I have a dataframe with sporting events (with no assumptions about the number of spaces or words) with an optional year, that can be formatted in a few different ways.

tibble::tibble(event_optional_year = c("World Championships", "Summer Olympics 12", "Olympics 2016", "Olympics 2020/221"))

How can I use tidyr::separate_wider_regex to split event_optional_year into two columns event and year? I want event in this case to be stripped of the optional year, and year equal to NA, 12, 2016 and 2020/2021, respectively.

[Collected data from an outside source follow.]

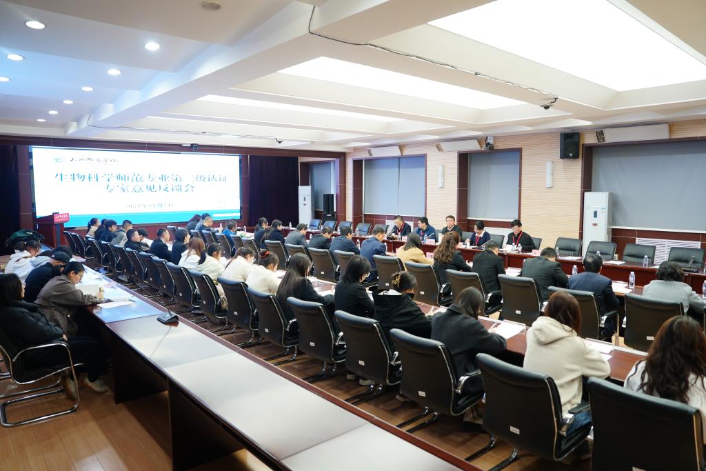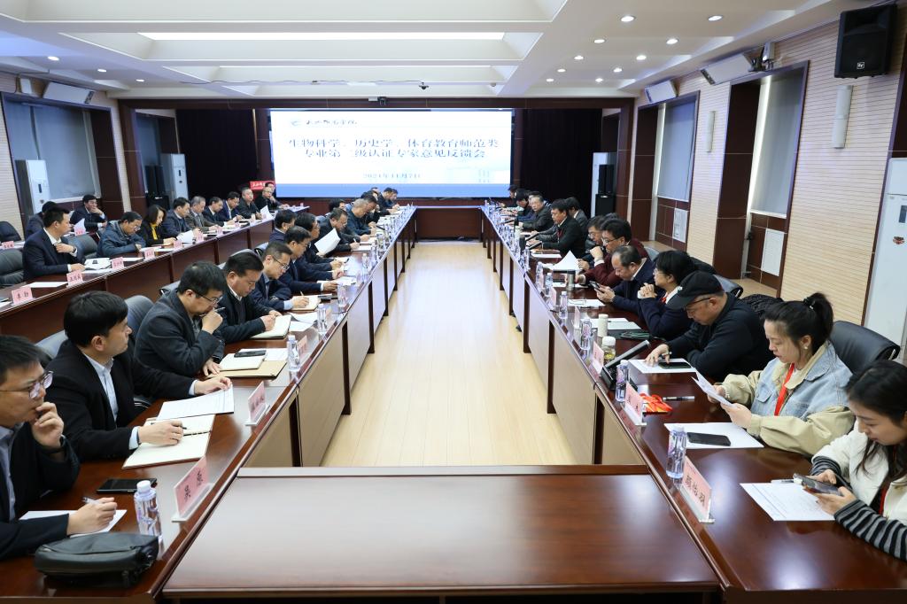 生物科学、历史学、体育教育三个专业负责人分别就自评报告作了补充说明汇报。专家组就人才培养方案设计、质量保障机制和一二课堂贯通融合协同育人提问循证,公司相关职能部门负责人进行了解答。
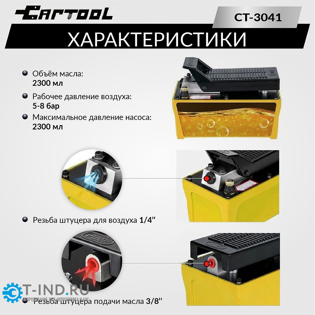 Гидравлический насос CT-A3041 — идеальный выбор для автосервисов и производственных участков, где ценят скорость, удобство и надёжность оборудования.
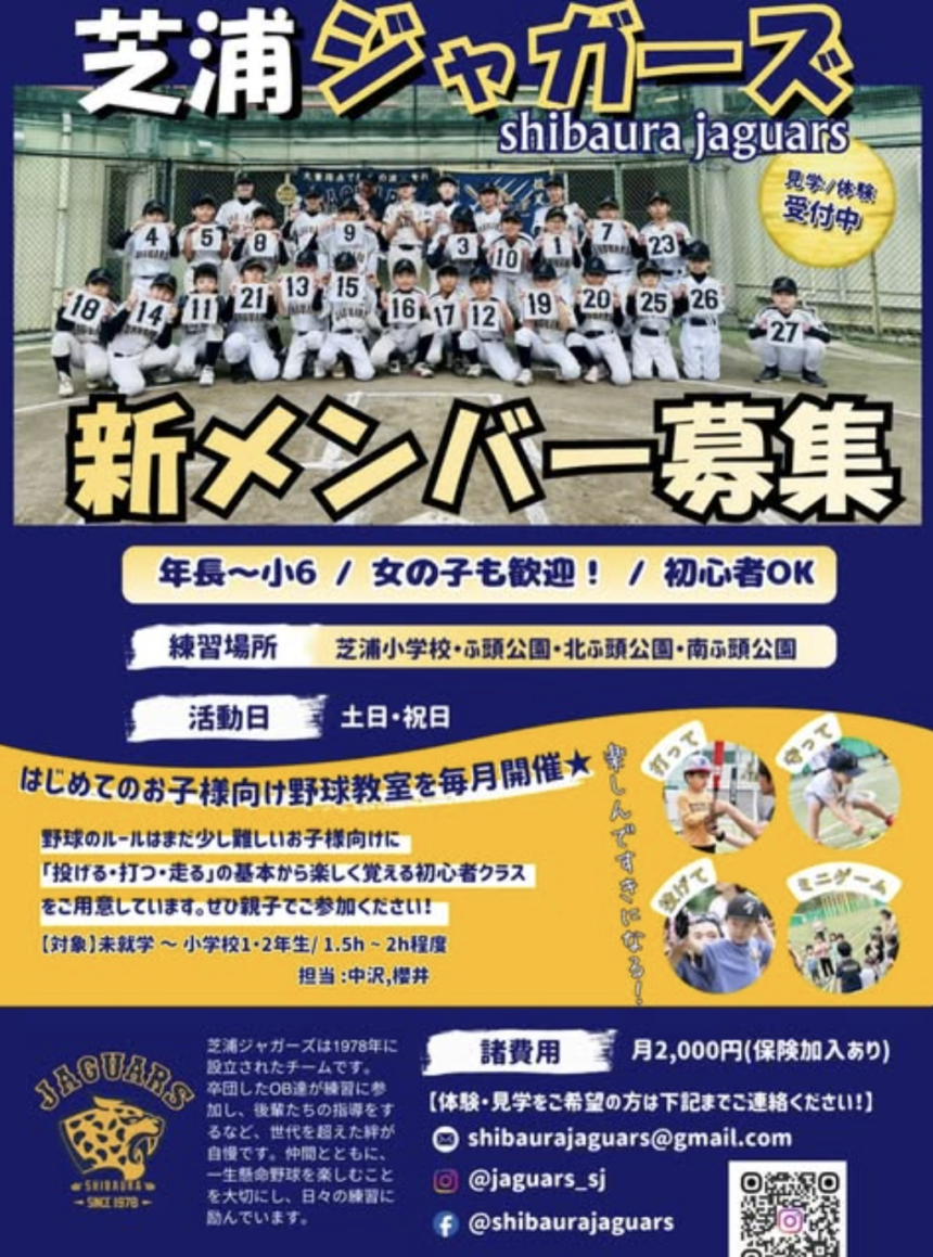 芝浦ジャガーズは港区芝浦小学校を活動拠点とした1978年に設立された少年野球チームです。
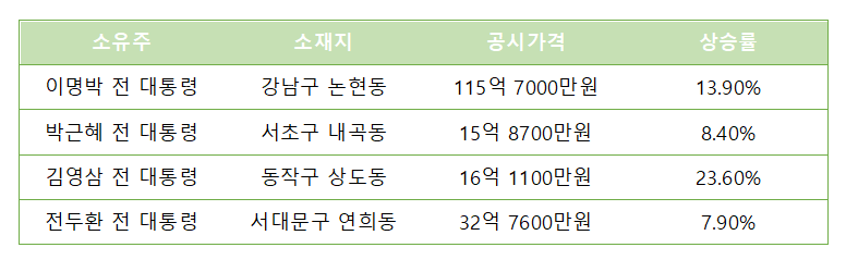 위와 동일한 데이터 시스템에 따르면 전직 대통령 소유의 주택들 공시가격도 오르고 있습니다.
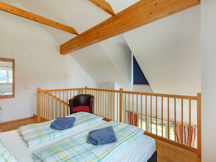 "Top 6", maisonette 3-kamers 65 m2 op 2 verdiepingen, op de bovenverdieping. Gedeeltelijk afgeschuinde daken, comfortabel en gezellig ingericht: hal. Woon-/slaapkamer met 1 2-pers divanbed (160 cm), zwedenkachel, eettafel, Sat-TV, Flatscreen TV en DVD. Uitgang naar het balkon. 1 2-pers. kamer met douche. Open keuken (oven, afwasmachine, 4 keramische glas kookplaten, elektrische koffiemachine). Aparte WC. Zolderverdieping: galerij met 1 2-pers bed en bad/WC. Parketvloeren. Balkon. Balkonmeubilair. Mooi panoramazicht op de skipiste en het landschap. Ter beschikking: wasmachine, droger. Internet (Internet (WiFi), gratis). Garage nr. 6 (1 Auto). Niet rokers woning. Op de slaapgalerij bevindt zich ook nog kastruimte. In plaats van een afgesloten slaapkamer bevinden sommige slaapgedeeltes zich in een open ruimte (galerij, nis, etc.). 50508-002506-2020
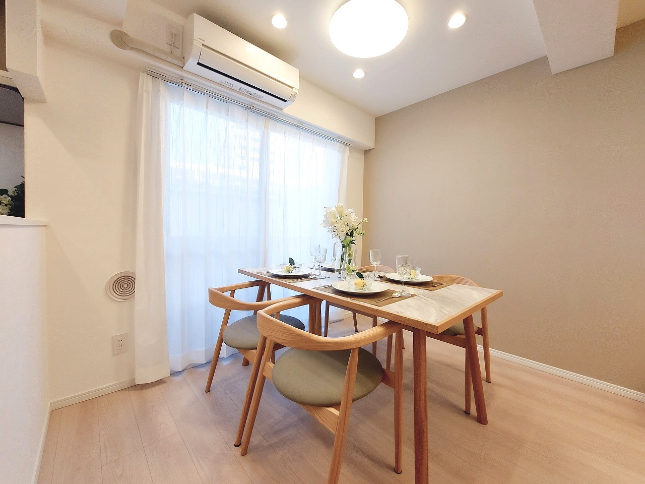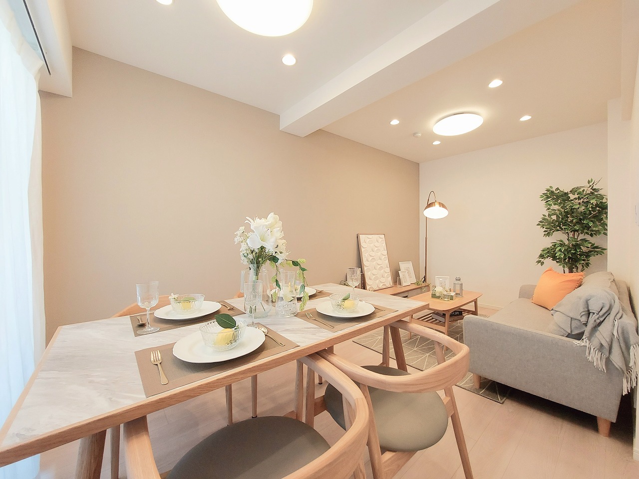 ディスプレイの家具は4人掛けテーブルですが、二人掛けテーブルでも可愛いと思います!
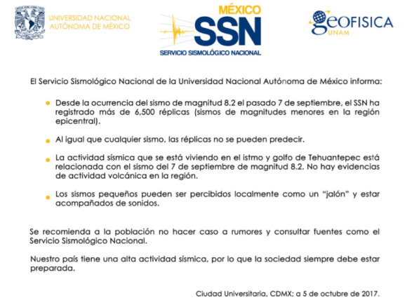 La ocurrencia de temblores en los estados de Chiapas y Oaxaca es frecuente y hasta la fecha no se cuenta con técnicas científicas en ninguna parte del mundo que puedan determinar cuándo o dónde ocurrirá un sismo, tampoco se puede saber qué tan grande será o qué efectos tendrá en la población, afirma. (FUENTE: El Excélsior)
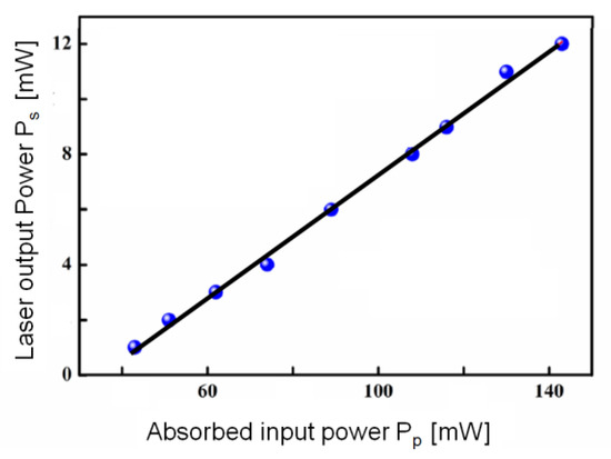 Figure 2 illustrates the laser output power Ps versus the absorbed pump power Pp of the Nd3+/Ho3+ co-doped tungsten tellurite fiber laser of [18]. The maximum output power is Ps = 12 mW and the slope efficiency is η = 11.2%. These values are not very interesting if compared to other lasers, but the power threshold is close to Pth = 38 mW, which is very low with respect to that of Tm3+/Yb3+ doped tellurite fiber lasers with similar pumping scheme and fiber geometry. The aforesaid results indicate that the Nd3+/Ho3+ co-doped tungsten tellurite glass fiber can be considered a promising laser medium candidate for achieving ultra-compact and efficient lasers at wavelengths near λ = 2 μm.
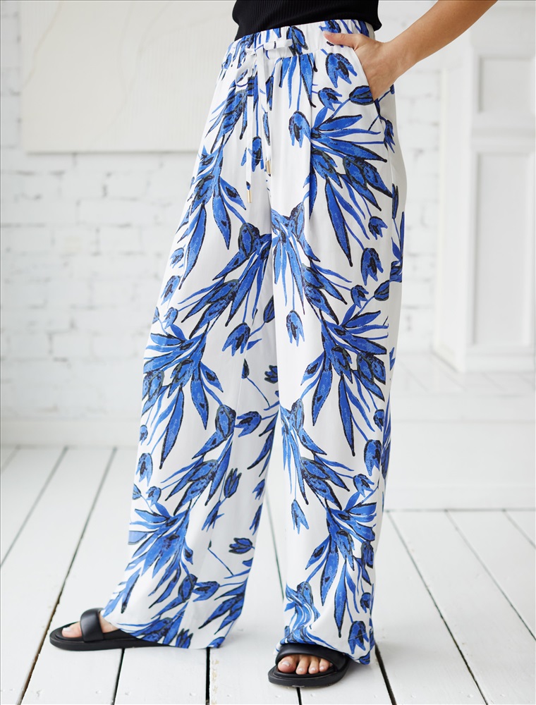 Состав: 55%Вис 45%Лиоцелл (Вис); Плотность: 115 Г/м2 Брюки выполнены из вискозы с лиоцеллом. Изделие дополнено эластичным поясом с регулируемым шнуром. Ткань изящно блестит и приятно охлаждает кожу в жаркое время года. Модель сечетается в костюме с топом D23.062 и блузкой D29.263
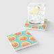 Ett mönster av färsk och saftig orange segment i djupa skuggor av tangerin orange och röd orange, med en vattenfärg struktur mot ge som nyklippt utseende. De placeras på en ljusblå bakgrund så att de kan se ljusa ut.
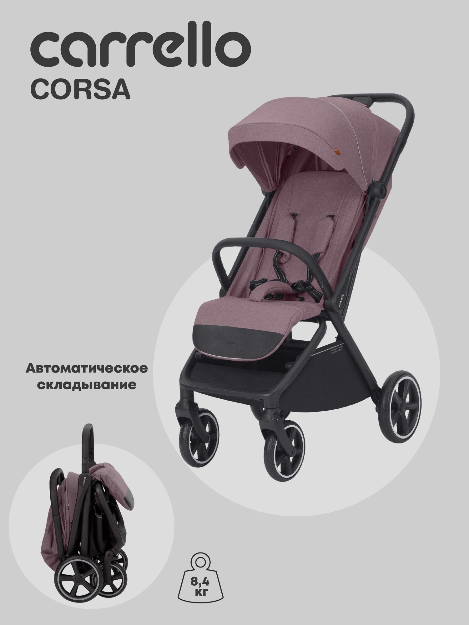 Коляска прогулочная с автоматическим складыванием Carrello Corsa, розовая информация:

I tried fiddling with positive lookahead in the regex:

tibble::tibble(event_optional_year = c("Olympics", "Olympics 12", "Olympics 2016", "Olympics 2020/221")) |> 
    tidyr::separate_wider_regex(
      "event_optional_year",
      c(
        event = ".*(?=(?:\\d.*\\d$)?)",
        year = "\\d.*\\d$"
      ),
      too_few = "align_start"
    )

but this gives as result:

  event                 year 
  <chr>                 <chr>
1 "World Championships" NA   
2 "Summer Olympics "    12   
3 "Olympics 20"         16   
4 "Olympics 2020/2"     21 

Question: which regex does give me the desired result?


Solution

  • Unnamed patterns in separate_wider_regex() simplify this situation a bit. event = ".*" is greedy and matches everything before "\\s+(?=\\d)" -- any number of whitespace that is followed by a digit (assuming that year-part starts with a digit). This handles spaces in event but assumes there are none in year.

    library(dplyr)
    library(tidyr)
    tibble(event_optional_year = c("World Championships", 
                                   "Summer Olympics 12", 
                                   "Olympics 2016", 
                                   "Olympics 2020/221")) %>% 
      separate_wider_regex(event_optional_year, 
                           c(event = ".*", "\\s+(?=\\d)", year = ".*$") , 
                           too_few = "align_start")
    #> # A tibble: 4 × 2
    #>   event               year    
    #>   <chr>               <chr>   
    #> 1 World Championships <NA>    
    #> 2 Summer Olympics     12      
    #> 3 Olympics            2016    
    #> 4 Olympics            2020/221
    

    Created on 2023-06-25 with reprex v2.0.2